Pig performance harmed by heat wave
Recent heatwave conditions have highlighted problems resulting from wide temperature fluctuations in finishing houses, says Tim Miller, environmental specialist with ARM Buildings.
Sharp differences between day and night-time temperatures can stress pigs, lower performance and trigger health problems, he says.
Problems tend to occur in houses where pigs are nearing their end weights, and this is exacerbated in buildings run on an all-in, all-out system which result in a high average liveweight for the house. “The heat output from large numbers of pigs nearing 100 kg is enormous,” he said.
Badly insulated older houses are more vulnerable, especially if they are poorly ventilated, but siting has an effect, too, especially with ACNV buildings which are sheltered from the wind.

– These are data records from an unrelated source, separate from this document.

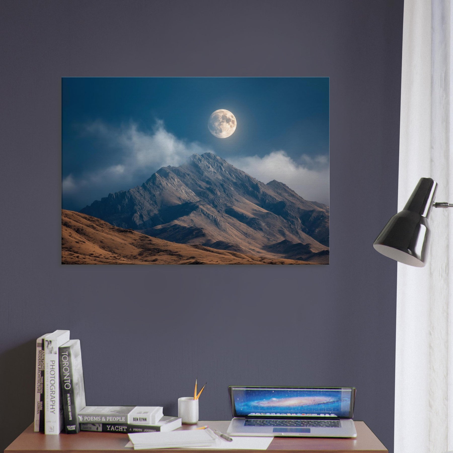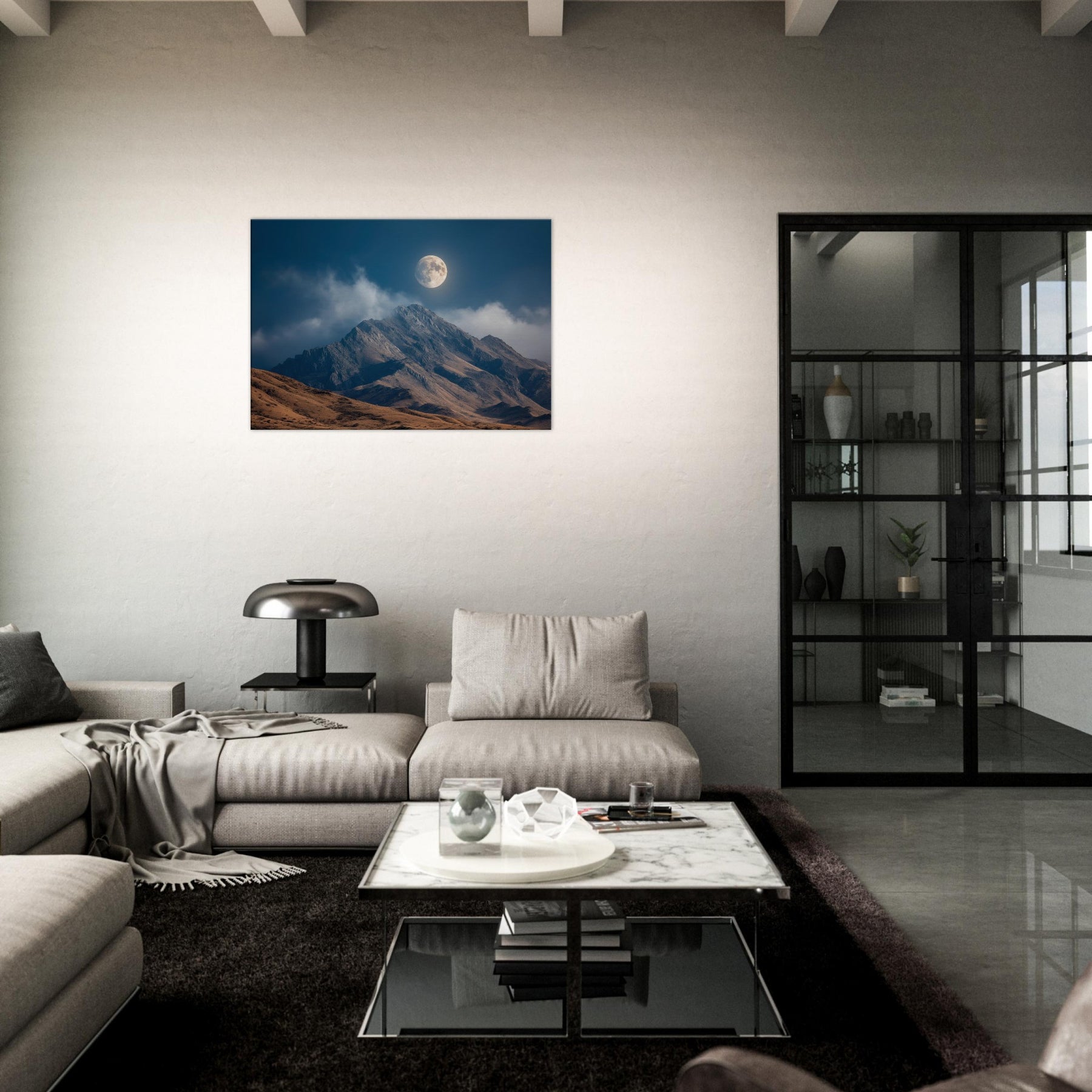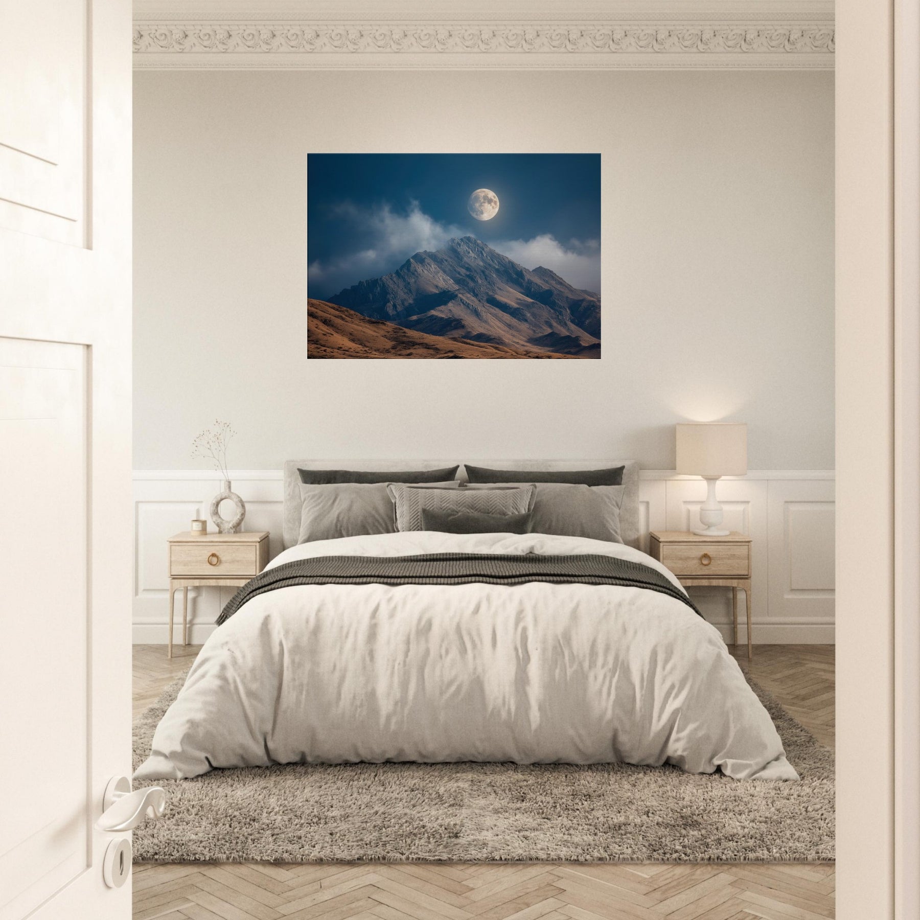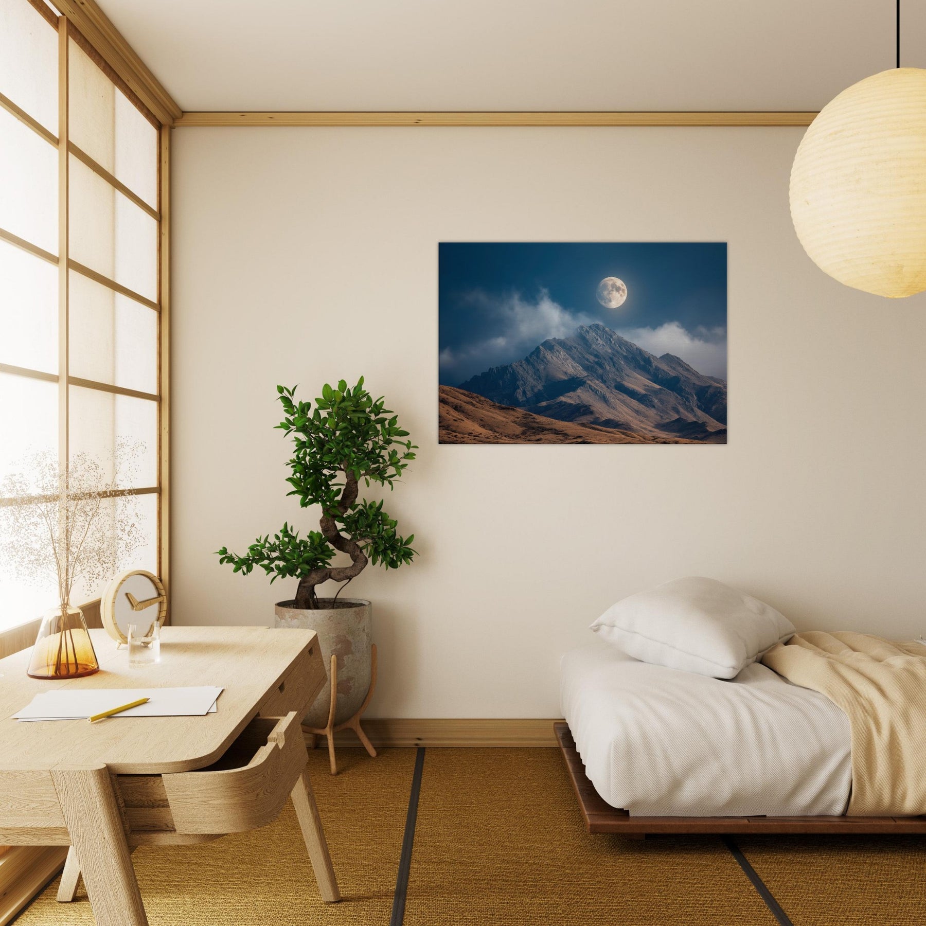 Moon over Mountains unfolds as a whisper of night that settles over your living space. The pale moon hovers above jagged ridges, bathing the scene in a cool, meditative glow that nourishes calm and focus. Like a dream captured in material form, the surreal composition elevates a room with a mystical hush, inviting quiet reflection and creative solitude. It becomes a daily reminder to pause, breathe, and imagine new possibilities each time you pass. The central subject is Moon over Mountains (Minimal).
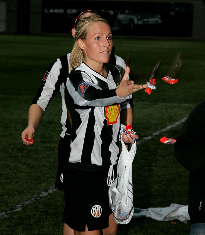 Þær KR-stúlkur sem voru farnar af velli gáfu áhorfendum Kit Kat þegar úrslit leiksins lágu ljós fyrir á meðan lokasekúndurnar voru leiknar.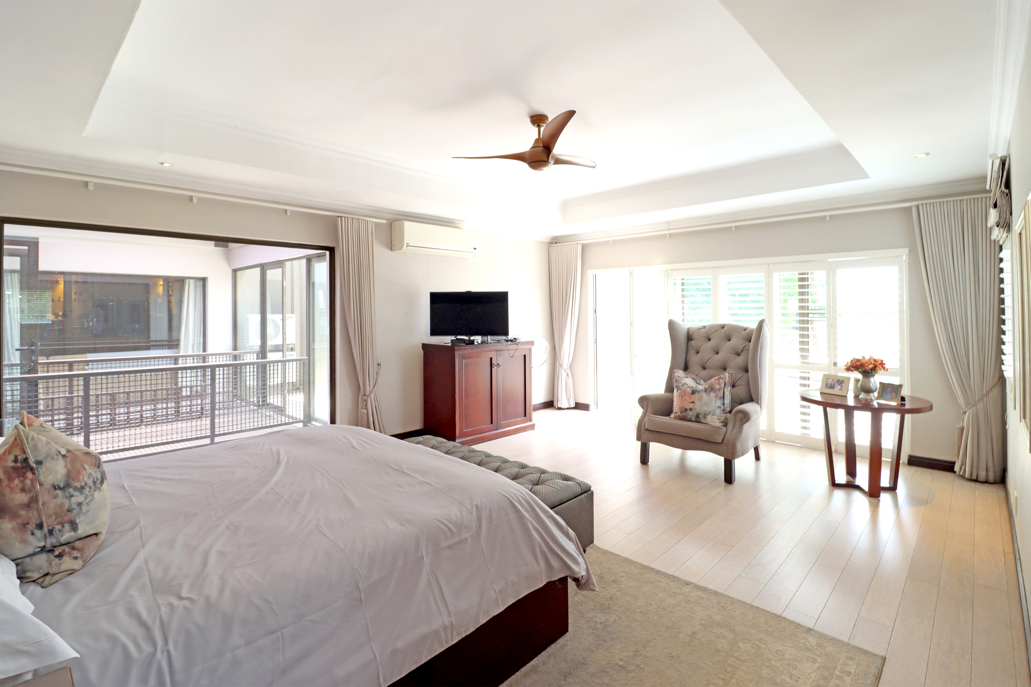 - 5 large deluxe bedrooms and 4 bathrooms (3 rooms en suite) plus a guest cloakroom. One bedroom located downstairs with outside access and an en suite bathroom - perfect spot for guests - they will never want to leave! Grand master suite is to die for with a his and hers dressing room, super-sized en suite bathroom, and a balcony overlooking views to infinity! Upstairs PJ lounge - perfect spot for the kids!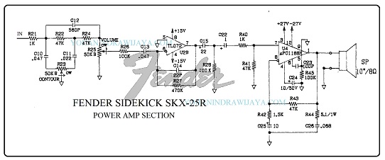Berikut ini adalah skema dari rangkaian Tone Booster dan amplifier dari ampli FENDER SIDEKICK ini.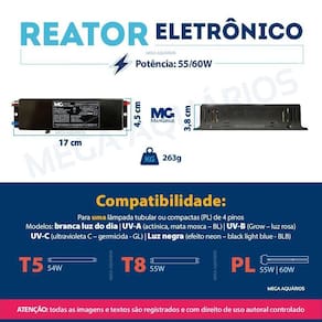 Reator eletrônico margirius para ligar uma lâmpada tubular ultravioleta uvc uva uvb germicida, actínica, grow, luz negra ou branca luz do dia comum fluorescente de 55w 60wOs reatores eletrônicos da margirius são os mais indicados para as lâmpadas ultravioletas germicida, actínica, grow, luz negra ou para lâmpadas comuns de quatro pinos. São de fácil instalação e geram uma economia de 30% em comparação aos reatores eletromagnéticos.Características:Indústria nacional SeguroCompactoModelo ideal para ligar lâmpada ultravioleta germicidaReator eletrônico para acender uma lâmpadaPara lâmpada de 4 pinos fluorescentePartida instantânea30% mais econômico em relação aos modelos eletromagnéticosMaior eficiência e durabilidade para as lâmpadasNão é a prova dágua.Compatibilidade:Modelos de lâmpadas: t5 t8 t10 t12 se plQuantidade de pinos na lâmpada: 4Potência da lâmpada: 54w 55w 60w Tipos de lâmpadas:Comum e ultravioletas:Branca luz do diaUva actínica, mata mosca - bl Uvb grow - luz rosa Uvc ultravioleta c - germicida - gl Luz negra efeito neon - black light blue - blb .Especificações:Fabricante: margiriusModelo: pg - 1x55/60 uvVoltagem: pode ser ligado em 110v ou 220vDimensões: 17 x 3,8 x 4,5cm larg x alt x profundidadePeso: 263gCorrente: 0,77a 127v / 0,46a 220v Potência: 58w 127v / 63w 220v Temperatura máxima de trabalho: 75c.Observações e precauções:A instalação deve ser feita por um profissional especializadoInstalar o reator conforme o esquema de ligação gravado no corpo do produto;Isolar corretamente o fio não utilizadoTrocar a s lâmpada s somente com o reator desligadoNão instalar o reator em ambientes úmidos, sujeito a intempéries ou em locais em que a temperatura ambiente seja inferior a 10ºc ou superior a 45ºc;Não recomendamos aumentar o comprimento dos cabos da s lâmpada s por mais de 2 metros, bem como enrolá-los ou trançá-los entre si ou com outros cabos.Obrigado pela visita e boas comprasAtençãoNossas imagens e textos são registrados e com direito de uso autoral controlado e reservado a essa loja e as lojas parceiras devidamente autorizadas em contrato.
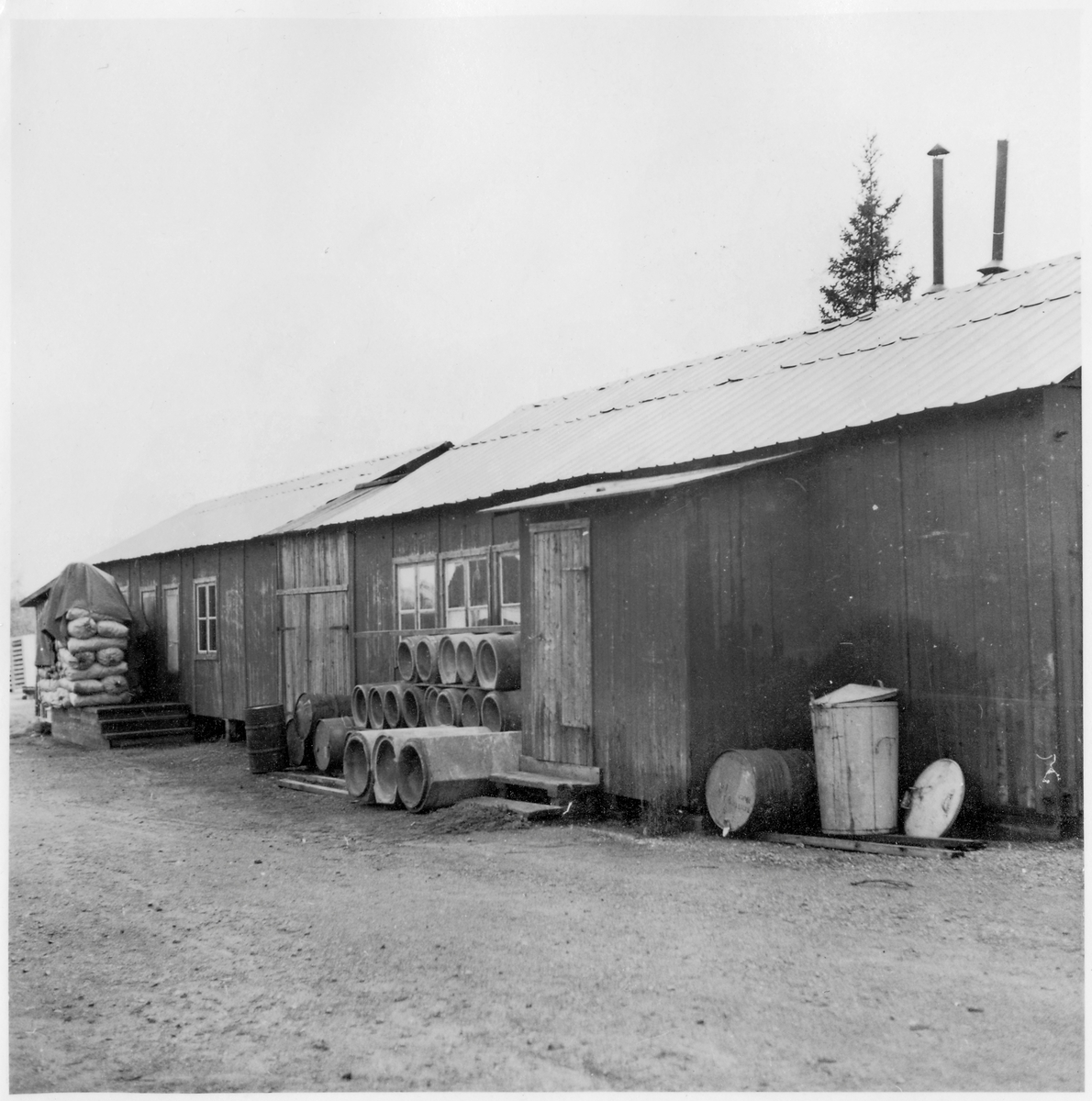 Vägstation BD9, Haparanda. Förrådsbyggnader. Upplag av diverse materiel, bland annat cementrör.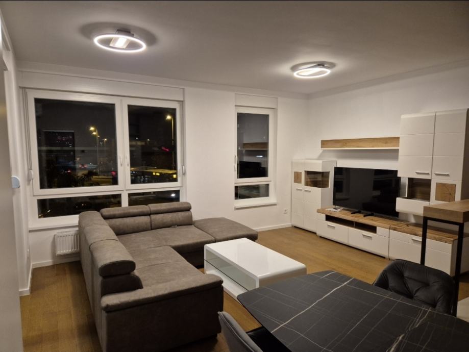Iznajmljujem potpuno uređeni stan i garažno parkirno mjesto u stambeno-poslovnoj zgradi na adresi Remetinec 48F, veličine 50,76 m2 , u neposrednoj blizini Arene Zagreb, prvi najam.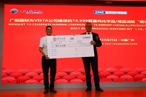 10月25日,廣船國際有限公司為VISTA公司建造的7.5萬噸化學品/成品油船4號船命名交付。這是廣船國際在“決戰(zhàn)120天,掀起生產(chǎn)高潮”勞動競賽中收獲的又一枚勝利果實。該船比合同交船期提前43天交付,船東為此專門獎勵廣船國際1萬美元。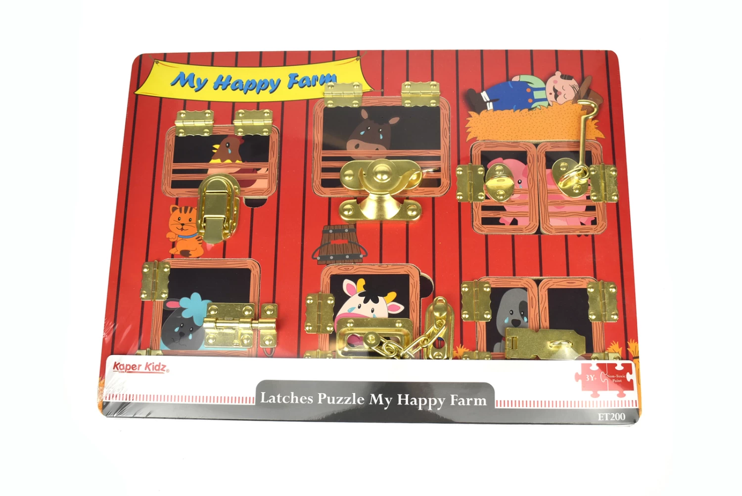 This Is a well-designed and made wooden puzzle board. The objective of this design is to help young children with fine motor skills and problem-solving skills as they try to work out the mechanics of the latches. There are 6 different doors and latches to be opened. Each door has a farm animal printed on and underneath a puzzle piece of baby animal. This puzzle can also help children understand the concept of adult/child and the concept of lost as the puzzle pieces underneath can be taken out the door. This puzzle encourages adult involvement as they need to take the puzzle pieces out for the child to put back in the correct place.
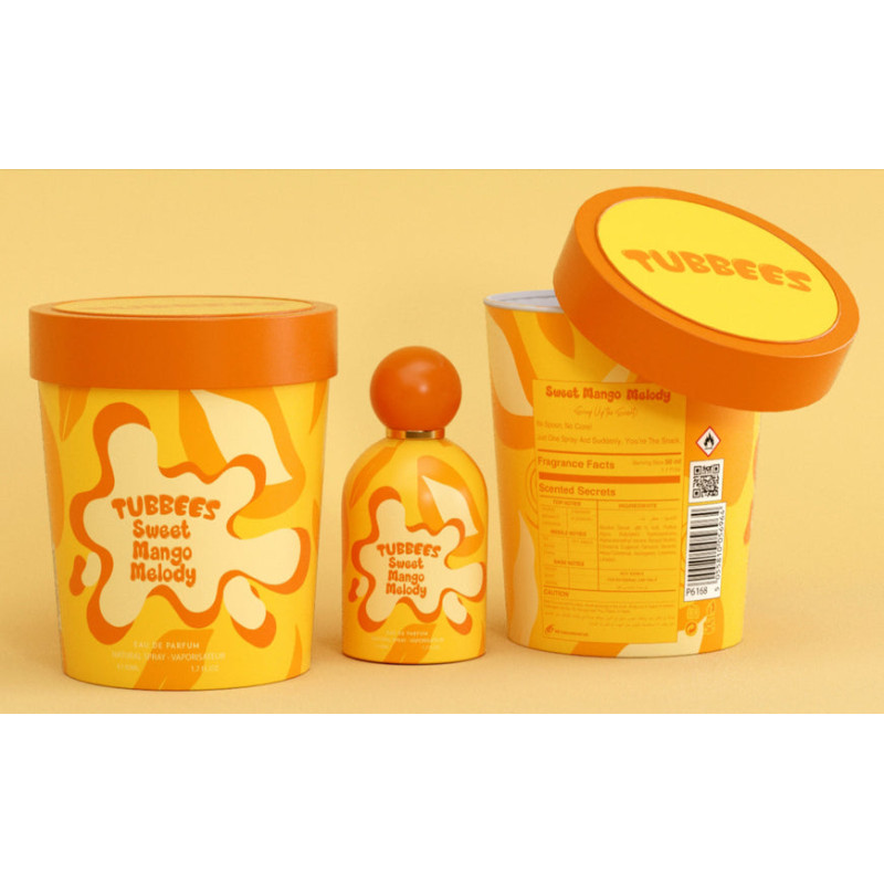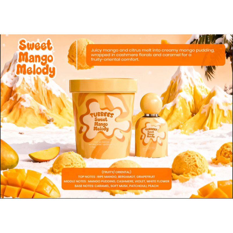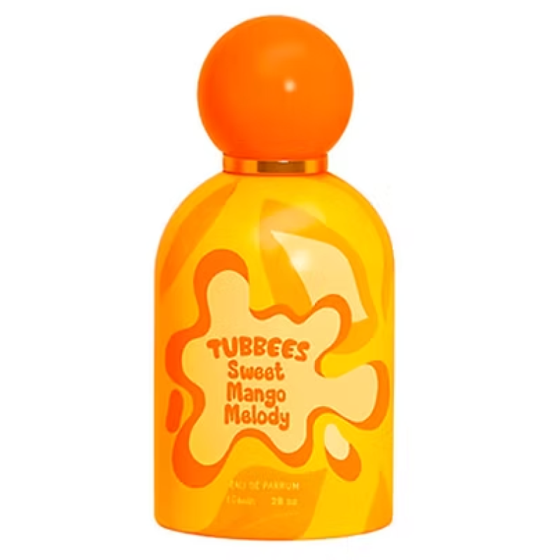 Tubbees Sweet Mango Melody Eau de Parfum 50 ml is a unisex fruity-gourmand fragrance with mango, bergamot, grapefruit, violet, caramel, and musk, offering a tropical, creamy, and playful scent that is vibrant, indulgent, and long-lasting.

“We’ve recorded temperatures as high as 33.5 ⁰C and as low as 20⁰C inside houses within a 12-hour period but in autumn fluctuations can be even more severe,” he said. “You can have 30⁰C at 4.00 pm and 16⁰C at 9.00 pm – a 14 degree drop in just five hours. There is evidence to show that big swings in temperature have a greater impact on pig performance than high temperature alone.”
Keeping pigs in their thermo-neutral zone between their upper and lower critical temperature is the aim and ventilation is the key, says Mr Miller. However, in the absence of air-conditioning it can’t lower the temperature below the prevailing ambient temperature. “We are trying to avoid a lift of more than three degrees over ambient,” he points out. “Some continental suppliers install systems with half the capacity of those in the UK, leading to temperature lifts as high as 6 degrees, but we try to limit the temperature lift.”
In co-operation with control specialists, Farmex, ARM Buildings is developing a fan-control program which will moderate the rate of temperature drop in piggeries during the evening, making conditions more comfortable for the pigs. Farmex has an option on the Dicam control system called ‘rate limit’ and monitoring from a variety of farms has enabled this to be refined.